By the time Gordon Brown, himself Scottish, became Prime Minister in 2007, support for independence had fallen back to 24 percent – its lowest level in over two decades.
However, in the years that followed support for Alex Salmond’s Scottish National Party (SNP) swelled, the pro-independence party winning an outright majority in Holyrood in 2011 with a manifesto commitment to hold a referendum.
The referendum was eventually held on September 18, 2014, and resulted in 55.3 percent of Scottish voters opposing plans for an independent Scotland and 44.7 percent voting in favour.
The 84.6 percent turnout was the highest recorded for an election or referendum in the UK since 1910.

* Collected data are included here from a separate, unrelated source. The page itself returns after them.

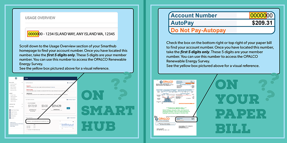 can be found by locating the first five digits of their OPALCO account number. Visual guides have been shared on
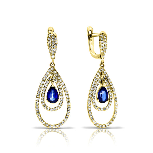 Gold Chandelier Earrings with Pear Sapphire – Midnight Cascade | Diffusion
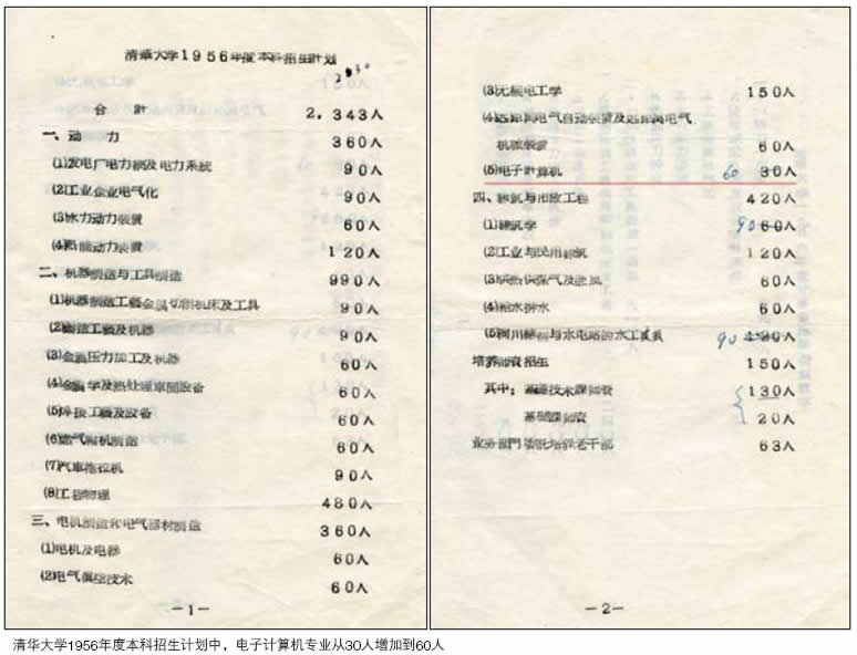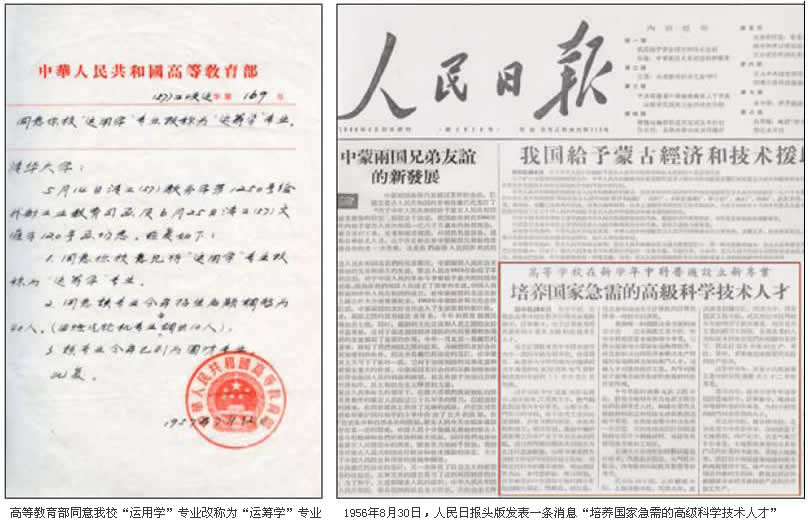 8月30日,人民日报头版发表了一条消息:“培养国家急需的高级科学技术人才”,其中写道:新学年起在我国高等学校里将开始培养金属物理学、计算数学、电子计算机等现代最新科学技术方面的高级专业人才电子计算机专业今年将在清华大学一到四年级全面开设。在暑期里从清华大学和交通大学抽调到这个专业的四年级三十名学生正在补课。这个学校今年还要开设运用学 、高压技术、工业热工学、燃气轮机制造等四个新专业。运用学是一门新兴的科学。
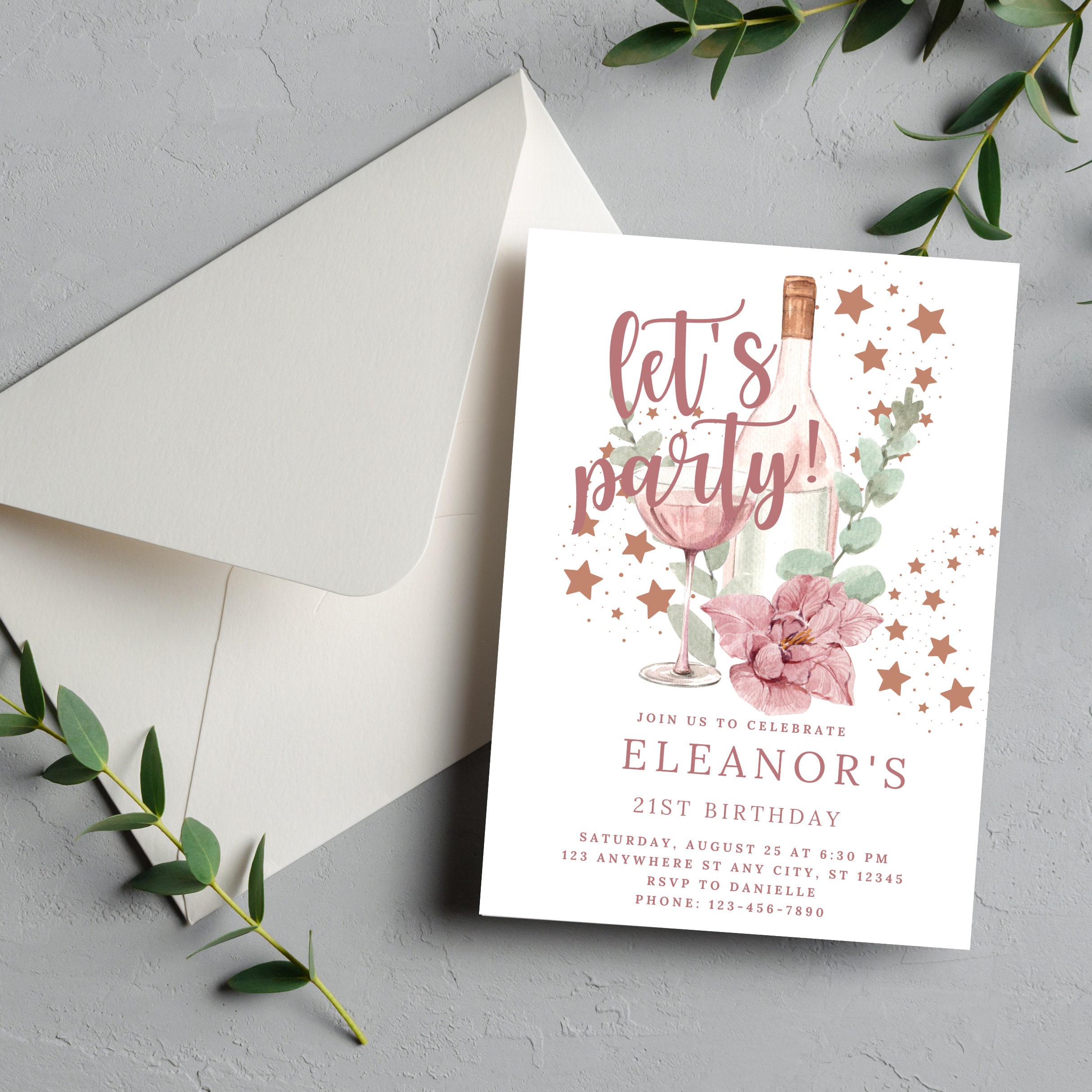 Ladies Champagne 21st Birthday Invitation, Cocktail Party Invitations, Printable Template Invites, Digital Download, #CBP

Despite the defeat for the independence campaign, support continued to rise, especially in the wake of the 2016 Brexit referendum in which Scotland voted 62 percent to remain within the EU.

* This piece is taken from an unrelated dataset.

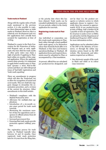 News from the IPR SME Help Desk Trade marks in Thailand Along with the regular styles of trade mark mentioned in the previous section, it is also possible to register three-dimensional signs as trade marks in Thailand. However, this is a relatively new development and very few applications have actually been accepted for registration at time of writing. Thailand is a party to the Paris Convention for the Protection of Industrial Property and, as such, applicants who have filed for trade marks in other party states may claim a right of priority if applying in Thailand within six months of this original application. Where the applicant cannot claim priority, it is important to apply before market entry as Thailand operates a strict ‘first-to-file’ system and there are still widespread issues of ‘bad faith’ registrations and ‘trade mark squatting’.

Soon after Mr Johnson became Prime Minister in July 2019, support for Scottish independence surpassed 50 percent for the first time in history.
The devolved government took responsibility for the handling of the coronavirus pandemic in Scotland, and by November 2020 support for the Yes campaign peaked at 56 percent.
In January 2021, the SNP stated that if pro-independence parties were to win in the May Scottish parliamentary elections, the devolved government would introduce a bill for a second independence referendum.
After forming a coalition government with the Scottish Greens – also in favour of independence – in June 2022 Ms Sturgeon announced her plan to hold another referendum, stylised as IndyRef2, on October 19, 2023.
Embroiled in a legal battle with Westminster, which maintains the Scottish Parliament doesn’t have the power to pass such legislation, on Wednesday the SNP was invited to make its case to the Supreme Court.
Incoming British Prime Minister Liz Truss – who described herself as a “child of the union” during her Tory leadership campaign after spending part of her childhood in Paisley – has repeatedly stated she would not allow another referendum.
Speaking at the Perth hustings in August, Ms Truss said: “At the time of the 2014 referendum, it was agreed by the SNP that it was a once-in-a-generation referendum.
“I believe in politicians keeping their promises, and Nicola Sturgeon should keep her promise. What she should do, rather than agitating for another referendum, is dealing with the very real issues in Scotland.”